I'm more at a loss each time with this. Here's a quote from the same php page you quote...I was reading it earlier

URL based session management has additional security risks compared to cookie based session management. Users may send an URL that contains an active session ID to their friends by email or users may save an URL that contains a session ID to their bookmarks and access your site with the same session ID always, for example.

So not all browsers accept cookies, and using URL's and having the sessionid in the URL poses a problem. It's making me wonder how it can be done....google aside :)

hyperion

10+ Year Member



 
Msg#: 7239 posted 8:32 pm on Dec 1, 2002 (gmt 0)

@ruserious,

no, it was the only change I made for six months, and there are no links to other sites, so bad neighbourhood cannot have been the cause, either.
And when I dumped the change, I got back into google with the next update. Maybe it works if you use the PHP-session handling functions, so that googlebot knows only sessid is missing, but because I use my own set of session functions, I had a get-paramter with a different name.
But I wouldn't try again ;-)...

nutsandbolts

WebmasterWorld Senior Member 10+ Year Member



 
Msg#: 7239 posted 8:45 pm on Dec 1, 2002 (gmt 0)

Thanks for the replies so far - well, I think I will leave things as they are then.... I'm just not confident enough that it's a safe way to do things especially after my near-12 month absence from Google!

burt_online

10+ Year Member



 
Msg#: 7239 posted 11:42 pm on Dec 3, 2002 (gmt 0)

Hi. That script in no way "redirects" or "cloaks" the site. It simply does not produce a Session ID if one of the "spiders" in the array is visiting.

I am successfully using that exact script (as I am the "clever clogs" ;) that wrote it) across a number of Oscommerce sites that I admin.

Initial results:

270 products in the database of the main site I am tracking.
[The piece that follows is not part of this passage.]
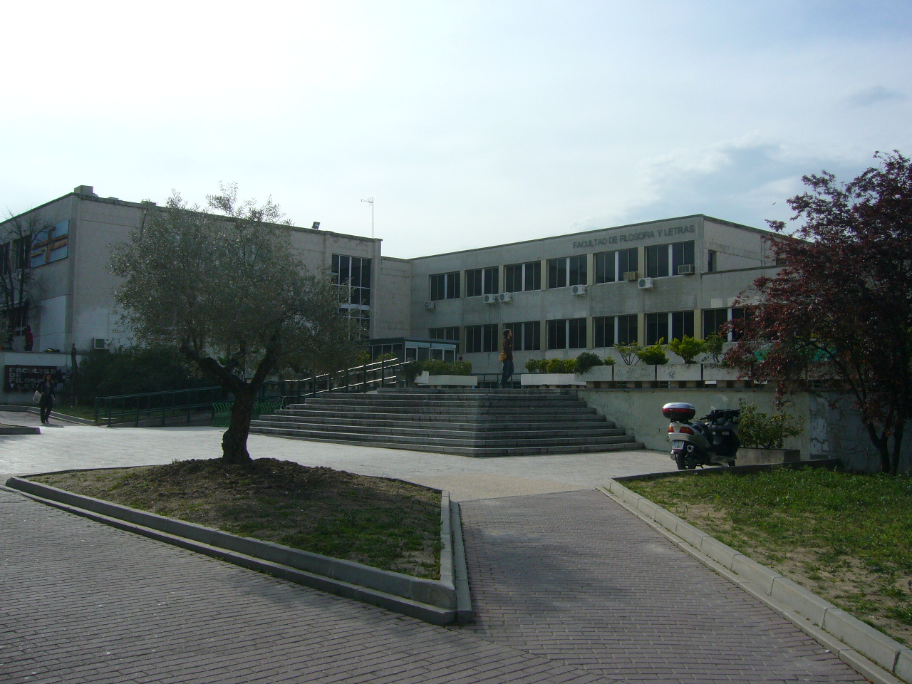 Philosophy and Letters building in Universidad Autónoma de Madrid (Autonomous University of Madrid) in Cantoblanco.

Before adding the script *no* product pages were listed.

Since adding in the script, in the update over the past few days, there are now 257 products listed, all without SID...

If anyone can defaintely tell me that this is a harmful script, then I'll be glad to listen and make amends to it, but as of now, the proof is here. No products before the script was introduced, 257 of 270 listed after the script was added....

Would definately appreciate any comments! Thanks.

WebGuerrilla

WebmasterWorld Senior Member 10+ Year Member



 
Msg#: 7239 posted 12:14 am on Dec 4, 2002 (gmt 0)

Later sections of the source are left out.